Y agregaba Fukuyama:
«En teoría, la captura del gobierno estadounidense por parte de las élites podría ser una fuente de unidad, ya que enfurece a ambos lados de la división política. Desafortunadamente, los objetivos de esta animadversión son diferentes en cada caso. Para la gente de izquierda, las élites en cuestión son corporaciones y grupos de interés capitalistas (compañías de combustibles fósiles, bancos de Wall Street, multimillonarios de fondos de cobertura y mega-donantes republicanos) cuyos lobbistas y dinero han trabajado para proteger sus intereses contra cualquier tipo de control democrático. Para los de derecha, las élites malignas son los agentes del poder cultural en Hollywood, los principales medios de comunicación, las universidades y las grandes corporaciones que defienden una ideología secular ‘woke’ que está en desacuerdo con lo que los estadounidenses conservadores consideran valores tradicionales o cristianos. Incluso en áreas donde uno podría pensar que estos dos puntos de vista se superpondrían, como las crecientes preocupaciones sobre el poder de las gigantescas empresas tecnológicas, las preocupaciones de ambas partes son incompatibles. La América demócrata acusa a Twitter y Facebook de promover teorías de conspiración y propaganda trumpista, mientras que la América republicana considera que estas mismas empresas tienen un prejuicio irremediable contra los conservadores».

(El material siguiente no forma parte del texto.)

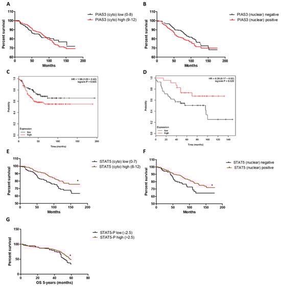 - Yang, S.-F.; Hou, M.-F.; Chen, F.-M.; Ou-Yang, F.; Wu, Y.-C.; Chai, C.-Y.; Yeh, Y.-T. Prognostic value of protein inhibitor of activated STAT3 in breast cancer patients receiving hormone therapy. BMC Cancer 2016, 16, 20. [Google Scholar] [CrossRef][Green Version]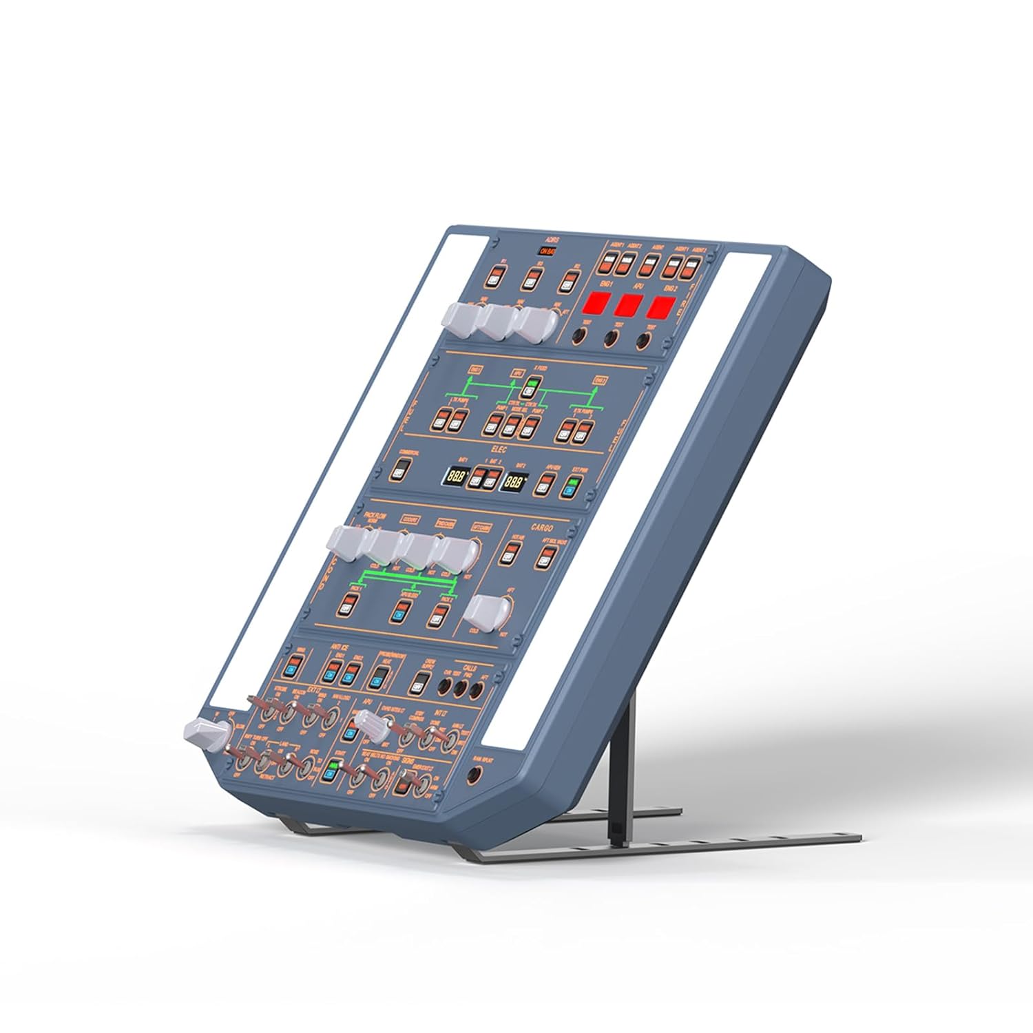 • ПЪЛНО ПОКРИТИЕ НА ОСНОВНИТЕ ХАРАКТЕРИСТИКИ Панелът интегрира всички основни функции на повърхността на A320, включително инерциалната референтна система (IRS), панела на горивната система, панела за контрол на климатизацията и налягането, главния/стартов контрол на APU и контрола на външното осветление, за да се осигури пълен контрол на фазите на полета.

Son notables algunos paralelismos de ese momento norteamericano con el emergente discurso mileísta. Y también con algo mucho más importante: la captura de las instituciones políticas y de los principales partidos por parte de las élites corporativas.
El destacado politólogo y filósofo norteamericano Sheldon Wolin (1922-2015), autor de reconocidos textos mainstream sobre teoría política, publicó en 2008 su libro Democracy Inc., algo así como Democracia S.A. Como hombre de formación profundamente liberal, en el sentido estadounidense del término, se sintió obligado a reflexionar sobre lo que estaba observando en los Estados Unidos de George Bush Jr.
A partir de un amplio análisis sobre los aspectos centrales de la vida política norteamericana, llegó a la conclusión de que su país se encontraba en camino a lo que denominaba “totalitarismo invertido”, es decir una versión totalmente novedosa del totalitarismo, en la cual todas las instituciones democráticas habían sido absolutamente distorsionadas –pero no eliminadas–. Hasta lograr una forma de gobierno totalmente funcional a los intereses y preferencias de las corporaciones, pero en el que aparentemente se seguían cumpliendo las reglas formales de la democracia.
Observando ciertas reacciones llamativamente unánimes de la sociedad norteamericana, el autor mira hacia la prensa y sostiene:
«El mercado extremadamente estructurado de las ideas manejado por los conglomerados de medios… está dominado por los vendedores; los compradores se adaptan a lo que esos mismos medios han definido como la ‘tendencia general’. La libre circulación de la ideas ha sido reemplazada por una circularidad dirigida».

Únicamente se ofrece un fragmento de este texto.